A University of Nebraska–Lincoln project studying several cover crop mixes and 16 individual species and their impact on soil quality variables has received a $153,026 grant from the Nebraska Environmental Trust.
The project is led by Suat Irmak, Harold W. Eberhard Distinguished Professor.
Cover cropping in row crops has been suggested as a favorable conservation practice in improving soil chemical and physical characteristics. However, the magnitude of the impacts of cover crops on soil-water dynamics (i.e., soil-water storage) and soil quality (including hydraulic properties) can exhibit significant variation between the counties; cover crop species; soil textural; chemical and physical properties; management practices and climatic conditions. Furthermore, these impacts can vary when the cover crops are planted with individual species compared to mixed forms, Irmak said.
In Nebraska, Irmak said, there is a significant lack of information and scientific and research-based data related to the practice of cover cropping, which is an impediment to its adoption and hampers efforts to accurately determine the impacts of individual and mixed cover crops species on soil-water and soil quality, as well as soil hydraulic properties. Quantification of cover crop water use can also aid in local and regional water-balance analyses, projections, planning and allocations that can result in more robust water balance determinations on a statewide and regional basis, but these kinds of data and information do not currently exist. This project will quantify and demonstrate the water use in all 93 counties and impact of individual and mixed cover crops species on soil quality parameters in corn-cover crop/soybean-cover crop rotations.
The project is one of 118 receiving an NET grant this year – altogether, the awards total $20 million. Of these, 73 were new applications and 45 are carry-over projects.
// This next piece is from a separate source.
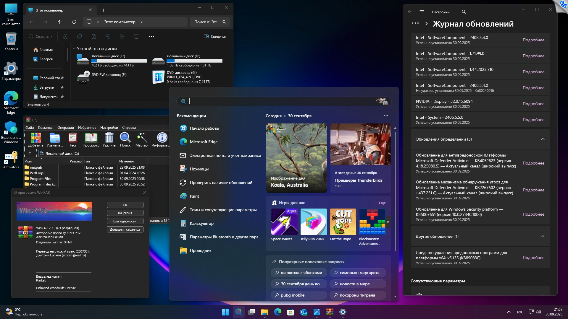 • Установлен архиватор WinRAR v7.13.

The Nebraska Legislature created the NET in 1992. Using revenue from the Nebraska Lottery, the trust has provided more than $328 million in grants to more than 2,300 projects across the state. Anyone – citizens, organizations, communities, farmers and businesses – can apply for funding to protect habitat, improve water quality and establish recycling programs in Nebraska. The NET works to preserve, protect and restore the state’s natural resources for future generations.